> Action item
Beginning with the line below that contains "她还向实践团详尽介绍了服装的" and ending with the line that contains "He bought aluminium", retype every line exactly. Pictures are not copied.

[Collected data]
↓↓↓

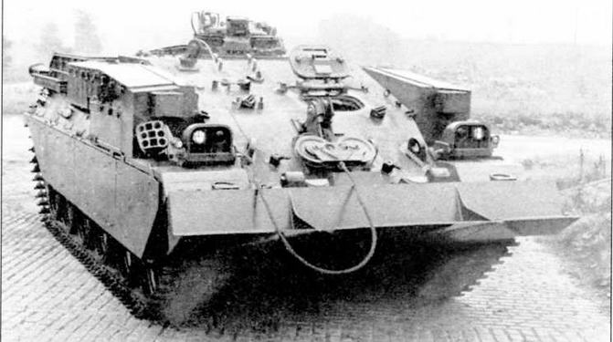 БРЭМ Британской Рейнской армии с фашиной и бульдозерным отвалом; вверху — БРЭМ F.V.4202
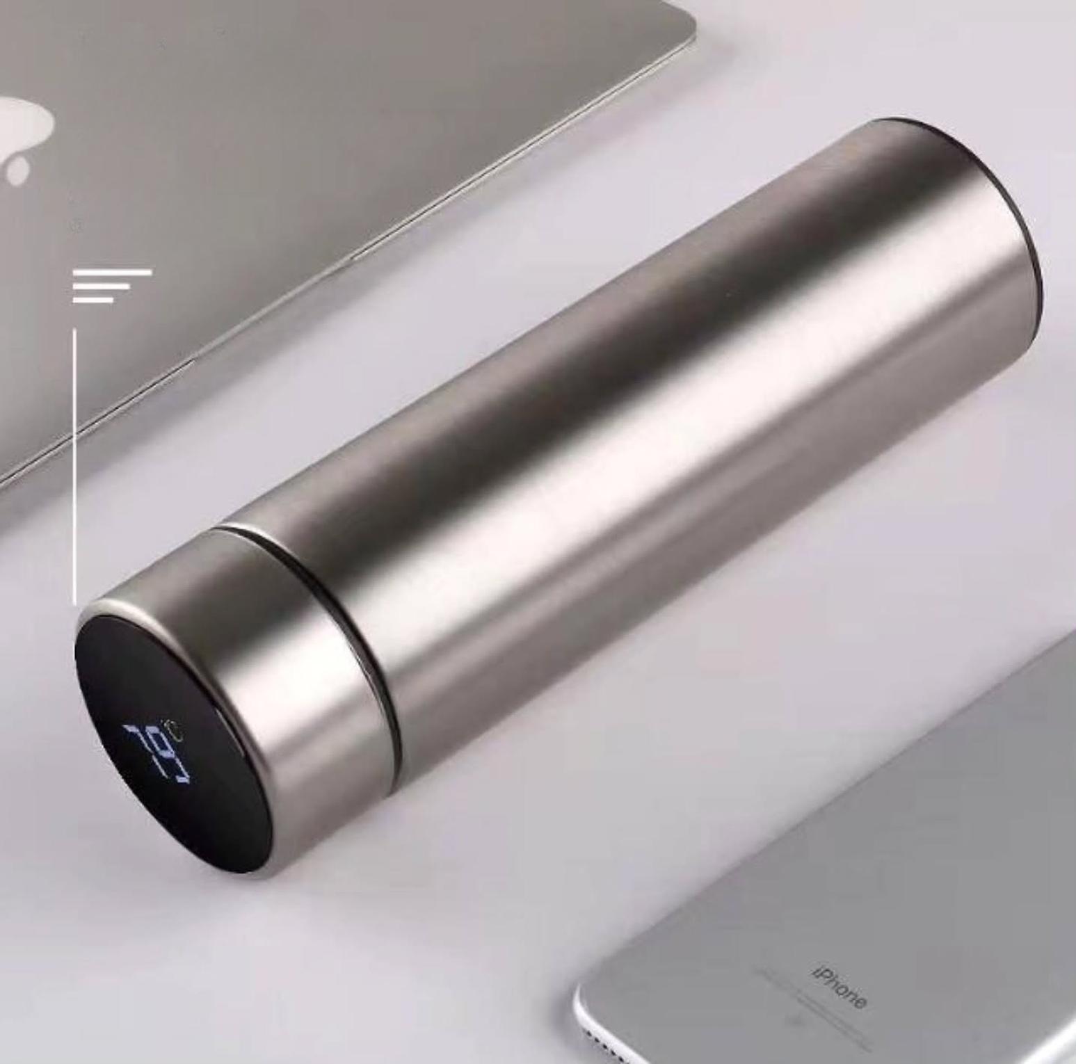 Experience smart hydration technology with this contemporary stainless steel vacuum flask, designed for optimal performance and convenience. The flask features advanced double-wall insulation, ensuring your hot beverages remain hot and your cold drinks stay refreshingly cool for hours. A key feature is the modern digital thermos touch display integrated into the lid, which provides an instant, accurate reading of the internal liquid temperature with a simple tap. This 500 ml capacity flask is perfect for daily use, whether you are commuting, working at your desk, or exercising, guaranteeing a perfect drinking experience every time. The slim, cylindrical body is easy to carry and fits most cup holders, and it is available in versatile Black and Silver color options to match your personal style.
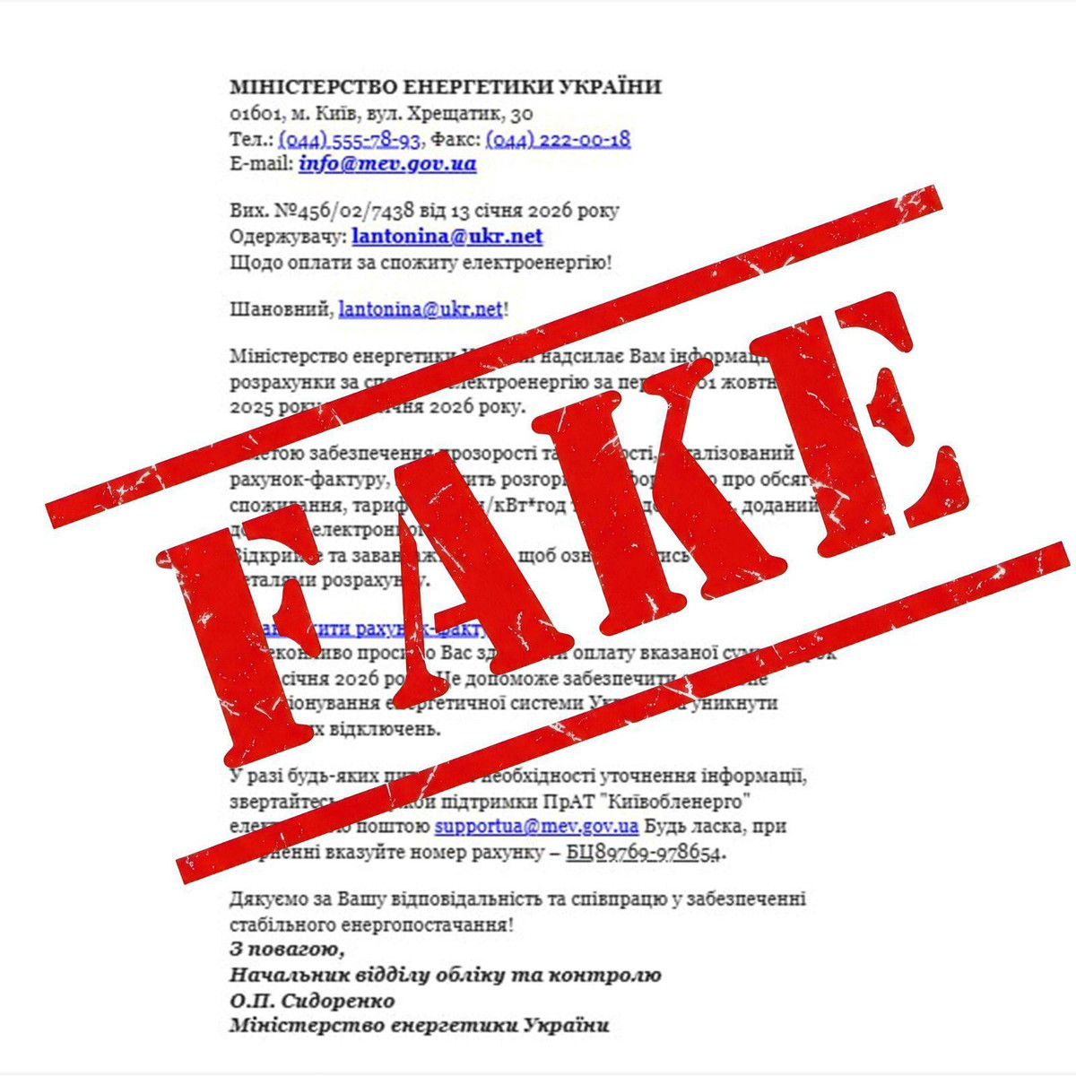 У Міненерго зазначили, що міністерство не здійснює таких розсилок, а вкладення можуть містити шкідливе ПЗ, яке створює ризик несанкціонованого доступу до комп'ютерів і даних.
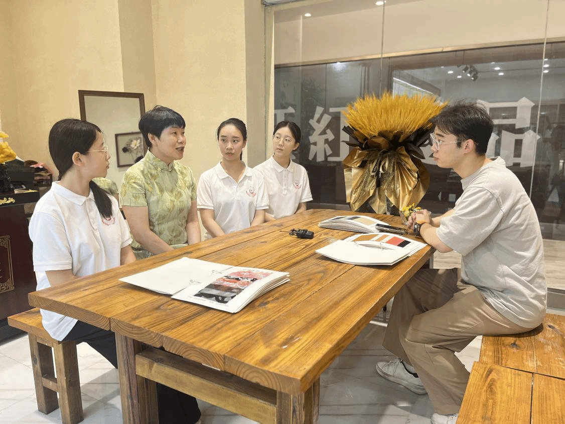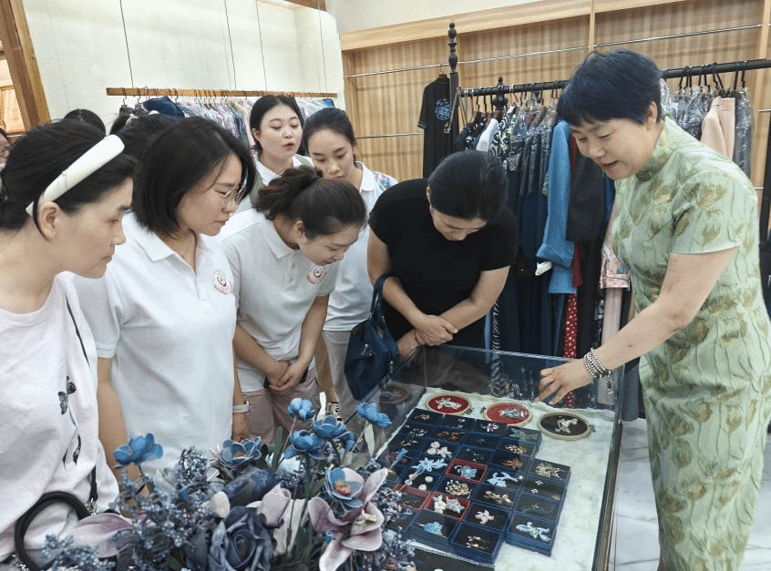 她还向实践团详尽介绍了服装的制作工艺和设计创新亮点。通过她的讲解,实践团的师生们对中国传统服饰有了更加深入地了解,深刻感受到传统与现代融合所焕发出的无限魅力。
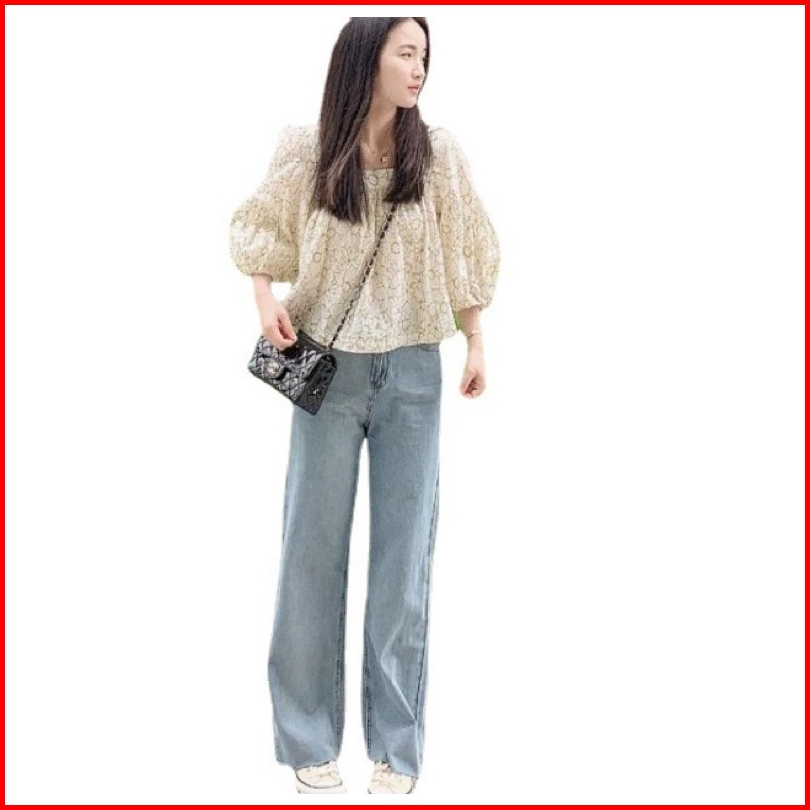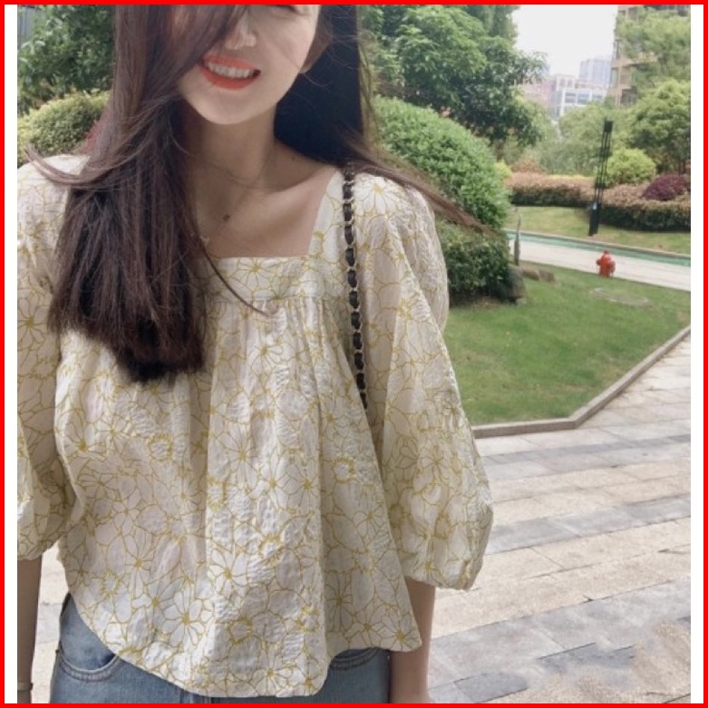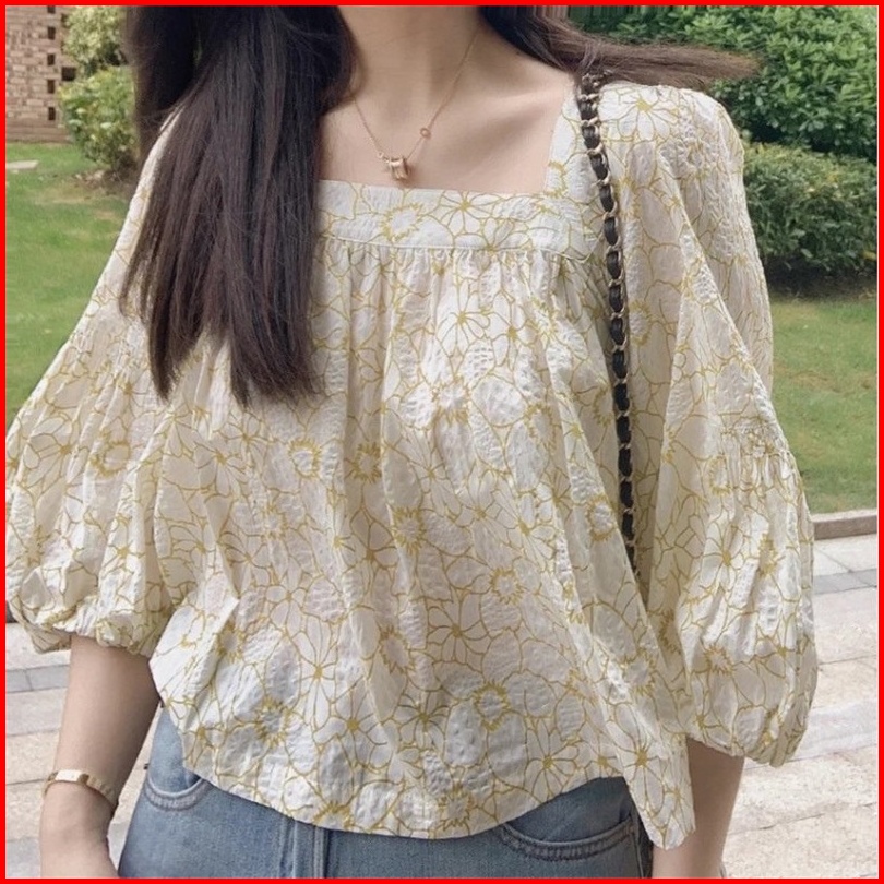 Stella Atasan Blouse Wanita Motif Bunga Korean Style Lengan Balon
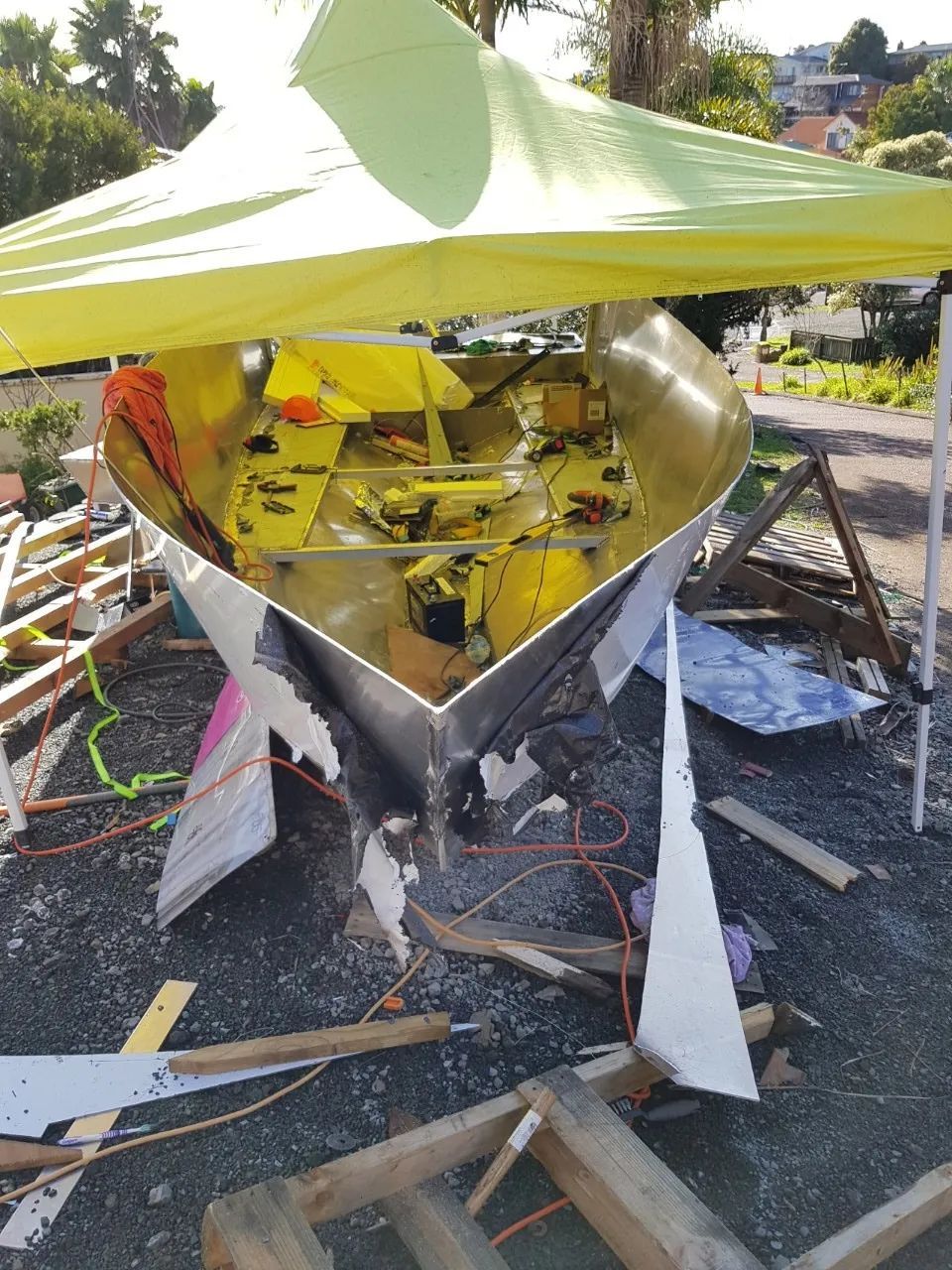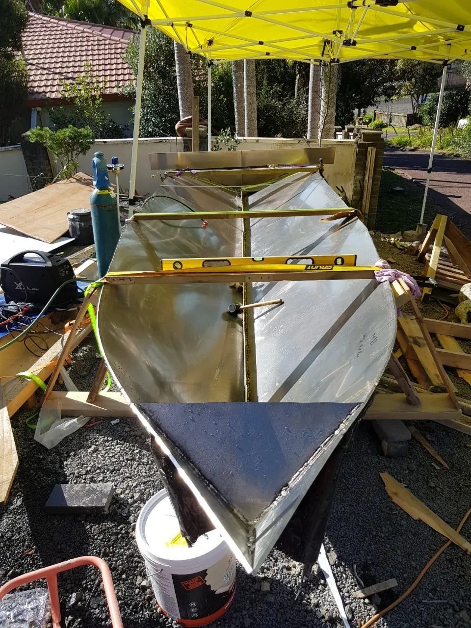 He bought aluminium specially made for boat hulls, and began from the bottom.
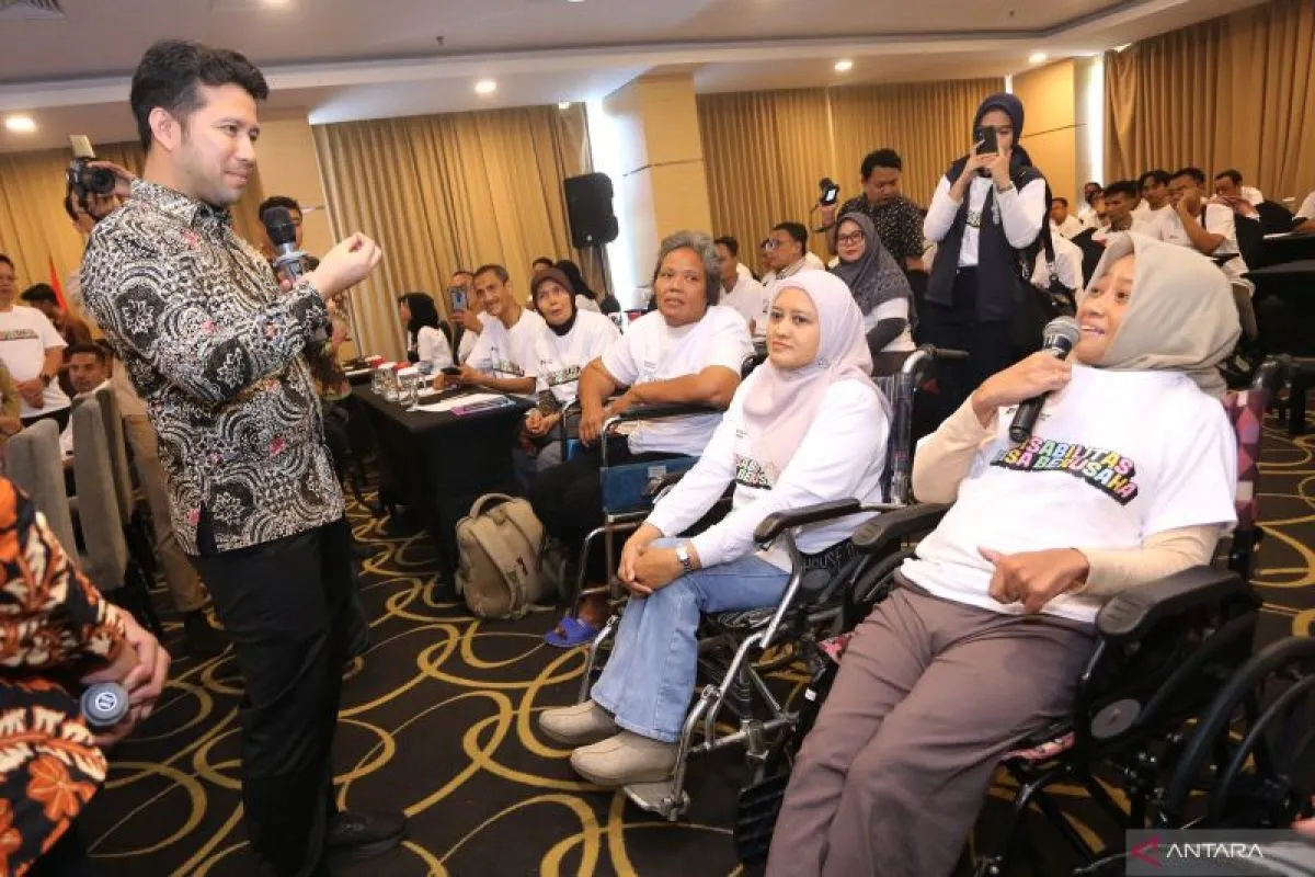Wakil Gubernur Jawa Timur Emil Elestianto Dardak (kiri) berbincang dengan peserta saat menghadiri pembukaan program kolaborasi pelatihan bertajuk Disabilitas Bisa Berusaha di Surabaya, Jawa Timur, Senin (15/9/2025). Pelatihan yang diikuti 50 peserta tersebut digagas PT Permodalan Nasional Madani (PNM) berkolaborasi dengan mitra strategis yaitu PT Bank IBK Indonesia Tbk, PT Jaminan Kredit Indonesia, PT Pelabuhan Indonesia Regional 3, PT SIER, dan PT Pegadaian guna membuka akses, memberikan pelatihan, serta mendukung kemandirian penyandang disabilitas agar mampu mengembangkan usaha dan menjadi bagian penting dari roda perekonomian bangsa. ANTARA Jatim/Moch Asim.
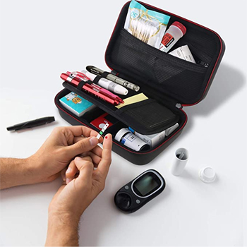 Hard materials of this diabetic organizer case Shields all your diabetic accessories from impact, especially while you are on the move. soft fabric lining prevents scratches to your blood sugar testing supplies.
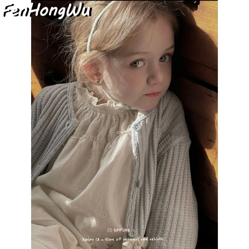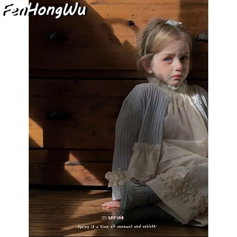 [핑크 집] 한국 아동복 소녀 세트 봄 새 어린이 모리 스티칭 레이스 카디건 넓은 다리 바지

↑↑↑

> Expected answer
 她还向实践团详尽介绍了服装的制作工艺和设计创新亮点。通过她的讲解,实践团的师生们对中国传统服饰有了更加深入地了解,深刻感受到传统与现代融合所焕发出的无限魅力。
 Stella Atasan Blouse Wanita Motif Bunga Korean Style Lengan Balon
 He bought aluminium specially made for boat hulls, and began from the bottom.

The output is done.